First, I had to procure some organic pickling cucumbers, which turned out not as easy as I thought it would be.  But I got ’em.  Today, I scrubbed them well and cut them in halves or fourths, depending on their size.  Some were quite fat and very nice (I got them from two different sources).

I thought for sure I’d have trouble filling a one gallon glass jar.  Not so.  I could have filled one and a half glass jars, so I split it in half between the two.

Don’t they look pretty?

Once the jars were loaded, I added mustard seed and dill that I home dried, a few tablespoons of sea salt and whey from my homemade kefir made with raw cows milk.  Then I filled the jars with filtered water from my Berkey water filter and put on the caps.  I’m supposed to leave these puppies at room temperature for three days and then place them in cold storage.

Here’s how they look on my counter right now.

So, I hope they turn out.  I tried a quart of these before without the whey (you’re supposed to be able to just add more sea salt) but they didn’t turn out.  I’ll keep you posted.  And, yes, they’re supposed to look cloudy.  That part probably takes some getting used to.

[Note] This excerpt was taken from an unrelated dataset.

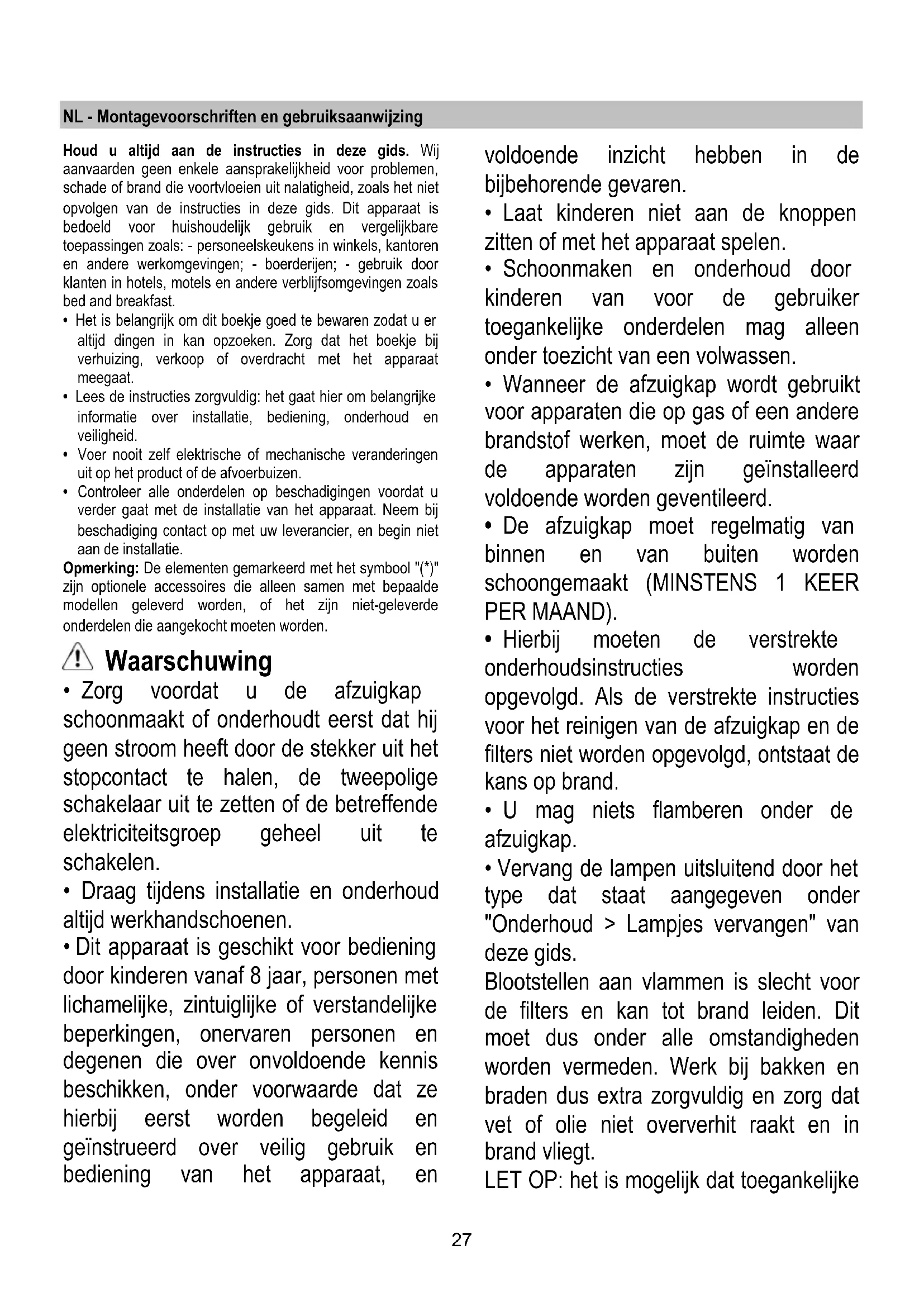 - De afzuigkap moet regelmatig van binnen en van buiten worden schoongemaakt (MINSTENS 1 KEER PER MAAND).

Soon, I will be making Master Tonic.  If you don’t know what that is, check out this video on YouTube.  I am bottling mine just as it’s done on the video to have on hand for colds, etc., this winter.  I’ll do a step by step with photos and post it when I make it.  I am also hoping to make some elderberry cough syrup.  I like the idea of having natural remedies at my finger tips, and I’ll know what’s in them!

What kind of natural remedies do you make or buy for your family?

This post is part of the Raising Homemakers Homemaking Link Up.


2 thoughts on “Pickles Anyone?

  1. Hi, I hope you’ll excuse me for this, but I see from your pic of the gallon jars that the pickles are “floating” in your brine – if this is true, no matter what kind of brine you’re using, you will have mold growing on the top of your pickles – to avoid that happening, you need to put a plate with a weight on top of the pickles, so that the liquid covers all the pickles (and maybe the plate too).

    Best of luck with your pickles.

    • Thank you so much. I wish my instructions had told me to do that. I am going to throw out the pickles that were on top -they were pretty mushy anyway. The others should be safe to eat, according to what I’ve read. I hope that’s right, because that was a lot of pickles! If I had it to do again, I would have stuffed all of them in one jar and made sure they were submerged. Live and learn!